• **WHAT IS REQUIRED**: Within the records below, reproduce without change the lines from the line that has "Москва. 8 октября." through the line that has "กองกลางตัวรุก: นอเนีย มาดูเอเก้", and only those.

**** THE INPUT ****

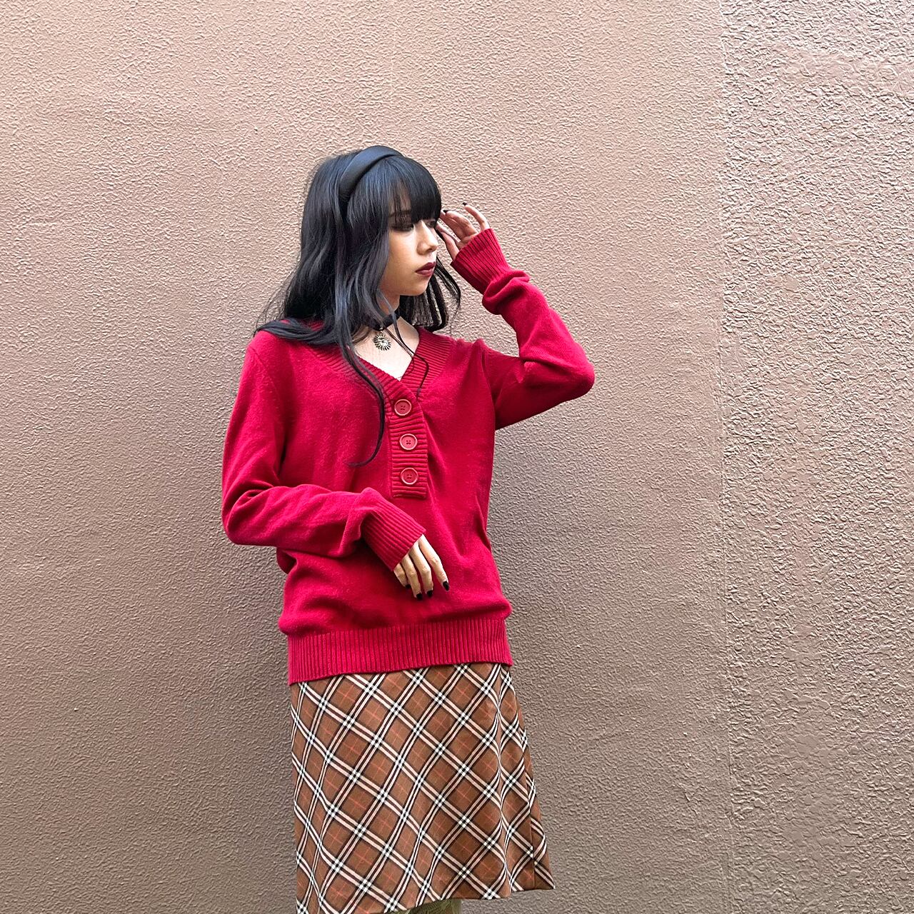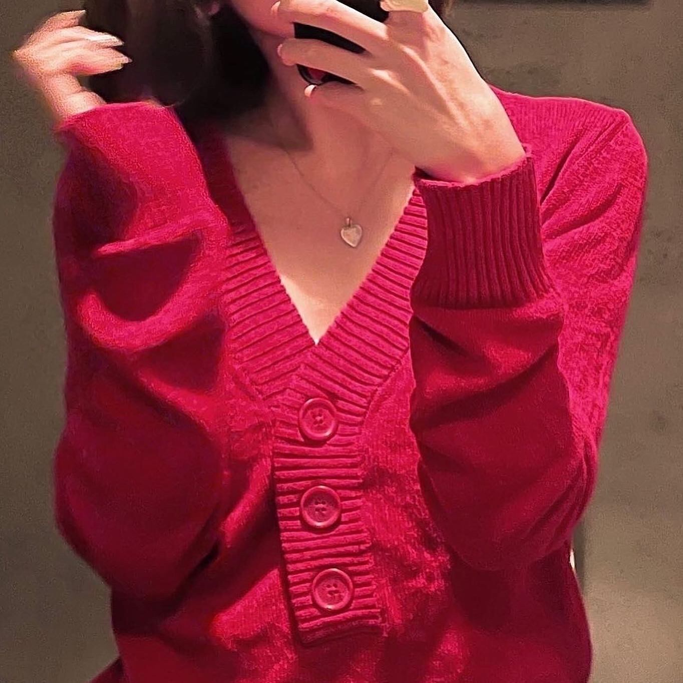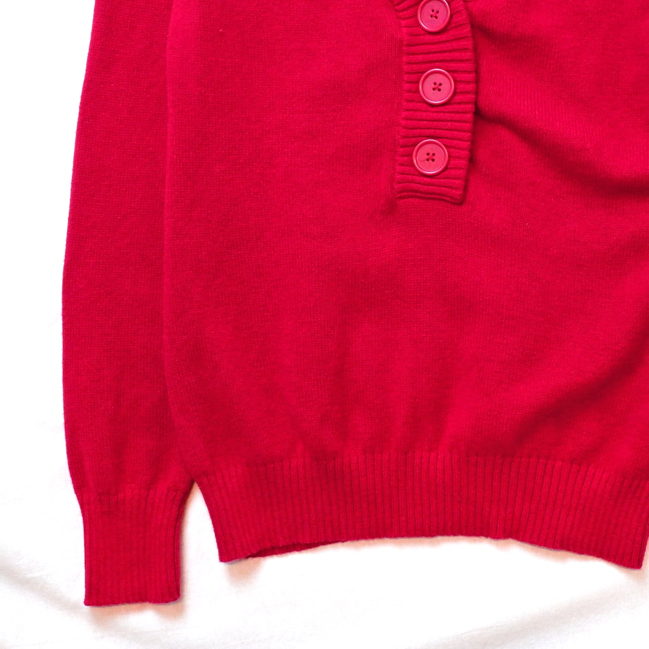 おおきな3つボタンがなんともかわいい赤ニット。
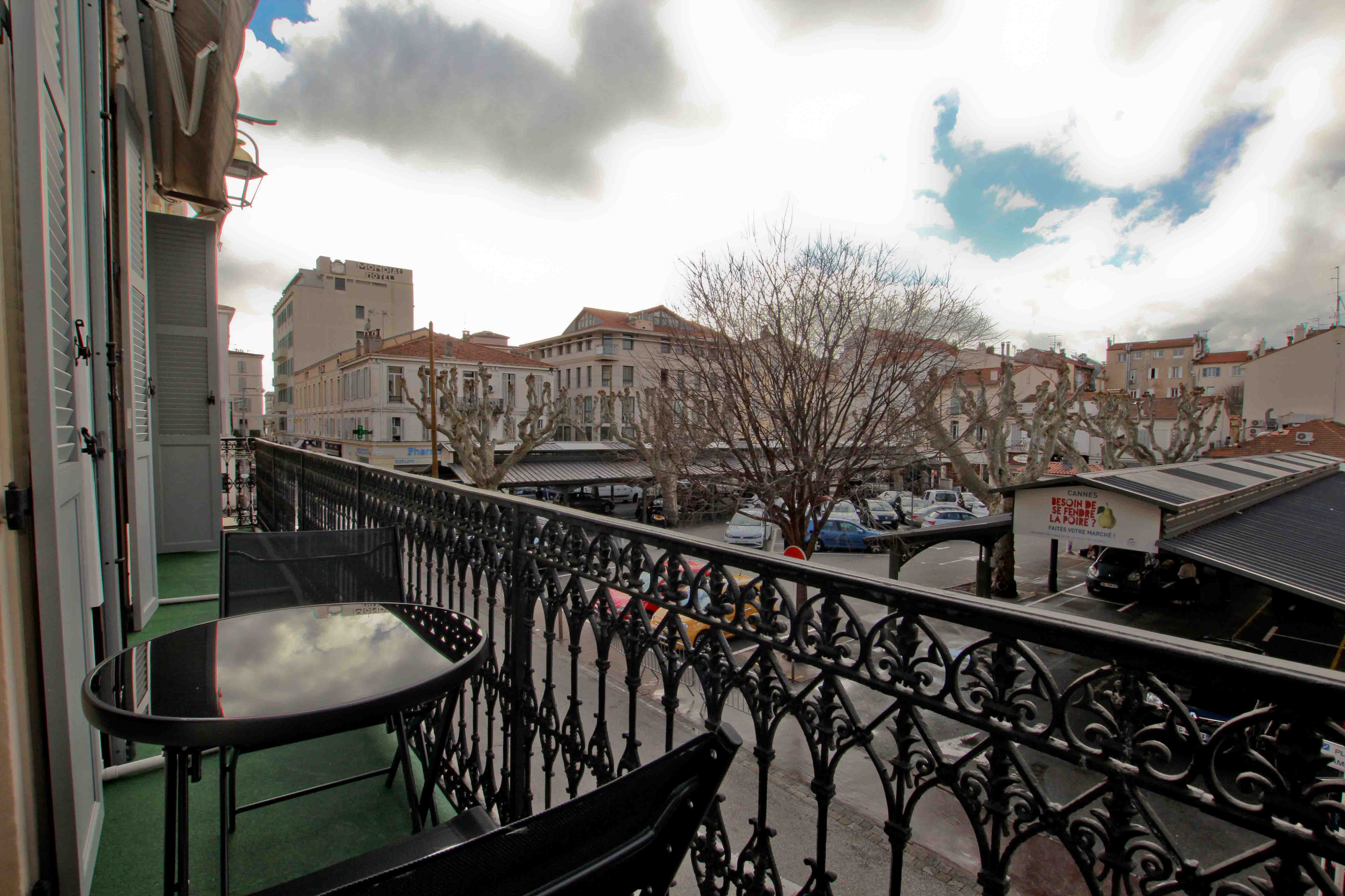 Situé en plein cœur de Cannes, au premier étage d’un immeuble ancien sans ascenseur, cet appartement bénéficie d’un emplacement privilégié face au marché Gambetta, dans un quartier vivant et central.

****
**** THE INPUT ****

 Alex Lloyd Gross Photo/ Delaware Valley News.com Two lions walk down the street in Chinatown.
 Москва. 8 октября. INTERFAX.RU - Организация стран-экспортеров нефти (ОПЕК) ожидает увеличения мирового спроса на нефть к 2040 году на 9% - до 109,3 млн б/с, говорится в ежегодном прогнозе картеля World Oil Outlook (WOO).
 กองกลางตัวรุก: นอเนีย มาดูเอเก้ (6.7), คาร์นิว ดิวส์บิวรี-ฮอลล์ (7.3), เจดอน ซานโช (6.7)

****

• **SOLVED EXERCISE**:
 Москва. 8 октября. INTERFAX.RU - Организация стран-экспортеров нефти (ОПЕК) ожидает увеличения мирового спроса на нефть к 2040 году на 9% - до 109,3 млн б/с, говорится в ежегодном прогнозе картеля World Oil Outlook (WOO).
 กองกลางตัวรุก: นอเนีย มาดูเอเก้ (6.7), คาร์นิว ดิวส์บิวรี-ฮอลล์ (7.3), เจดอน ซานโช (6.7)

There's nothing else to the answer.